Referring to industry-loss-index transactions in particular, he said: "I think excess 80% of those covers are actually on an aggregate basis, and they do cover the aggregation particularly of U.S. hurricane and U.S. earthquake."

Cat bond investors have appetite for aggregate covers for secondary perils too, Pennay said. "However, investors are keenly aware of the ultimate structure and just making sure that they can ultimately get comfortable with the way in which that aggregate has been put together."

Aggregate transactions are happening for nat cat perils for which modelling is established and where there are retentions and event deductibles investors will accept, said Shiv Kumar, president of GC Securities.

"The issue was there because in aggregates, you are picking up the frequency of severe convective storms and (other) secondary perils," Kumar said.

Tornado, hail and wildfire losses have been a subject of concern from risk capital in recent years. Some wildfire and severe convective storm models from third-party modelling firms have been updated in recent months, showing higher frequency and severity of these events, Kumar continued.

"I think the fact that the models are being recalibrated, that is helpful," Kumar said.

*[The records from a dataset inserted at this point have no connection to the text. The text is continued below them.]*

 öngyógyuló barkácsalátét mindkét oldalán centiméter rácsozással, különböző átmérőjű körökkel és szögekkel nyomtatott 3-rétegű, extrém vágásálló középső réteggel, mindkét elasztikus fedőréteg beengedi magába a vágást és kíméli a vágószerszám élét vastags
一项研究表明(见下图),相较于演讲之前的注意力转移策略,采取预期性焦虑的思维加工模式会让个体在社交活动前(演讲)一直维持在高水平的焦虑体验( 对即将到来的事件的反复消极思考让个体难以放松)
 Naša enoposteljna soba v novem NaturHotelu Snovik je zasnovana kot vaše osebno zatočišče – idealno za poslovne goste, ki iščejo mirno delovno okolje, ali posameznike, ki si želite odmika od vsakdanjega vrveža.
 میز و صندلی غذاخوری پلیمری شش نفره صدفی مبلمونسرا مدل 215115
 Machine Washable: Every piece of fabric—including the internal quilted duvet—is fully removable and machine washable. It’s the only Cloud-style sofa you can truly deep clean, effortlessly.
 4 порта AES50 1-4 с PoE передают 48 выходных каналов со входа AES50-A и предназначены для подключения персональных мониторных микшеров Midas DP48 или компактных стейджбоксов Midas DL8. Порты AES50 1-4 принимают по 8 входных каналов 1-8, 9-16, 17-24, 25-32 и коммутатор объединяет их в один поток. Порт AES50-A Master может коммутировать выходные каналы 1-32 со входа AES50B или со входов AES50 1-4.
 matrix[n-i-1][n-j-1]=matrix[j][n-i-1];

"As an investor, that gives you the confidence that the system is recalibrating itself, that the aggregate structures are reflecting the level of risk that is embedded in them, and therefore they can price it accordingly."

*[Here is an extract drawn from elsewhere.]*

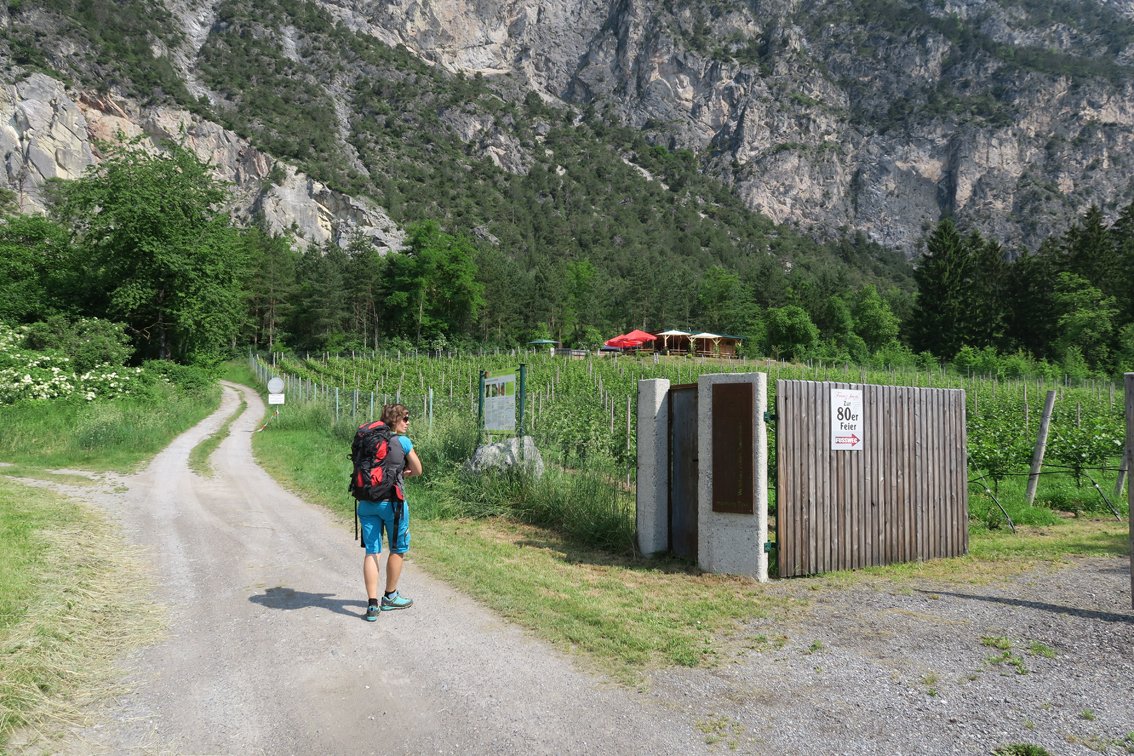 Vom Ausstieg auf Steigspuren nach rechts queren bis man in eine kleine Schuttrinne kommt (schwache orange Markierung auf Stein). Über die Rinne und auf der anderen Seite auf Steigspuren absteigen, dann leicht links zu einer Felskante mit Fixseil (altes Kletterseil). Dem Fixseil entlang, man kommt auf ein weiteres Wiesenstück, dort links (immer von oben gesehen) zum nächsten Fixseil. An diesem quert man auf einem Band absteigend zum Wandfuß (Klettergarten Sandbank). Von dort auf dem blau/orange markierten Pfad zum Schotterweg an der Autobahn. Auf diesem nach rechts zurück zum Parkplatz beim Weinberg.
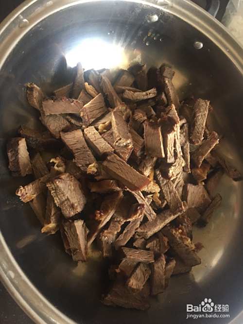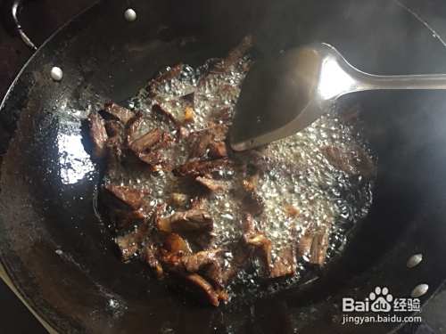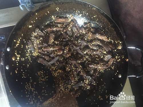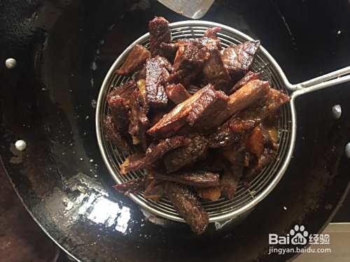 油锅烧热,稍微多点油,油温一定要高,牛肉分两次下锅炸至变色。每次炸完以后,油锅温度要高一些才能再放牛肉。

He added that he expected to see greater issuance of aggregate cat bonds in the future.

PRICING PRESSURE

Beyond changes in demand for aggregate covers, the interplay between the pricing of cat bonds and traditional reinsurance will also determine how much cat bond limit is placed at January 1, Pennay said.

"If we continue to see increasing capital positions of reinsurers and we see that pricing continues to tighten in the reinsurance market, there is absolutely the potential for our clients to ultimately have a harder decision to make as to whether they continue to grow that allocation into the cat bond market or whether they're ultimately happy with what's being achieved in the reinsurance market."

However, there continues to be strong interest from investors in supporting cat bond transactions. "Therefore there is the opportunity that spreads will continue to tighten in the cat bond market as well," Pennay said.

Kumar also said cat bond pricing was expected to tighten at the January 1 renewals, adding that investors remain comfortable with expected returns even as spreads tighten.

With increased capital from reinsurers as well, "it is good that there are options available in both markets," Kumar said.